#### [WORK TASK]
Copy nothing but the lines below running from the line containing "上世纪90年代末,西安市政府" through the line containing "Latest addition to", both end lines included.

#### [DATA FOR THIS EXERCISE]
- Opening Delimiter -

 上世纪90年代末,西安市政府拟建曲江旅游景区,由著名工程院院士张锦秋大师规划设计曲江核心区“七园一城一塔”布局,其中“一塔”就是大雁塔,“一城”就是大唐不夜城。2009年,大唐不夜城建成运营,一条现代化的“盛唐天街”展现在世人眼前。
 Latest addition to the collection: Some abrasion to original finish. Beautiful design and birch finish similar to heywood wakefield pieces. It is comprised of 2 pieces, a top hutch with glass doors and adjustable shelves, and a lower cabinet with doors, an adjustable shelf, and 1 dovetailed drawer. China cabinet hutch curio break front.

- Closing Delimiter -
- Opening Delimiter -

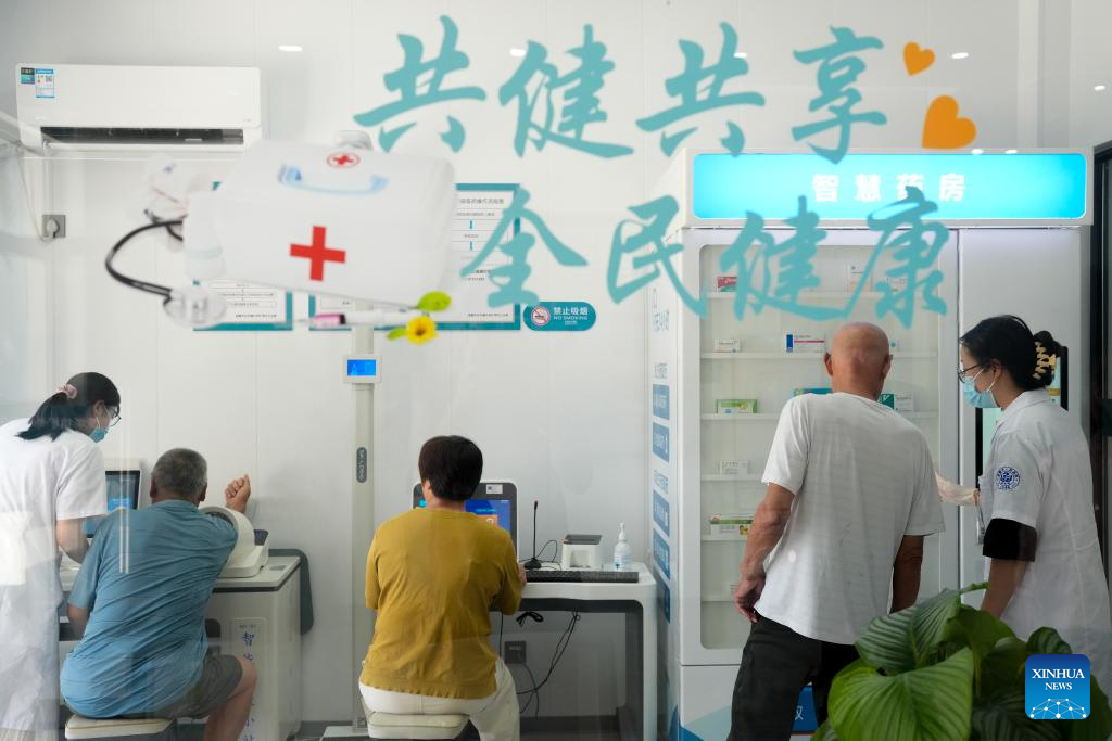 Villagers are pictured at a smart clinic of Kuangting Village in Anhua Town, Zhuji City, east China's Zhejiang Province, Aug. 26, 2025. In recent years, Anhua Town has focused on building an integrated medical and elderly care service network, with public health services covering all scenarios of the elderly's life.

- Closing Delimiter -

#### [SOLUTION]
 上世纪90年代末,西安市政府拟建曲江旅游景区,由著名工程院院士张锦秋大师规划设计曲江核心区“七园一城一塔”布局,其中“一塔”就是大雁塔,“一城”就是大唐不夜城。2009年,大唐不夜城建成运营,一条现代化的“盛唐天街”展现在世人眼前。
 Latest addition to the collection: Some abrasion to original finish. Beautiful design and birch finish similar to heywood wakefield pieces. It is comprised of 2 pieces, a top hutch with glass doors and adjustable shelves, and a lower cabinet with doors, an adjustable shelf, and 1 dovetailed drawer. China cabinet hutch curio break front.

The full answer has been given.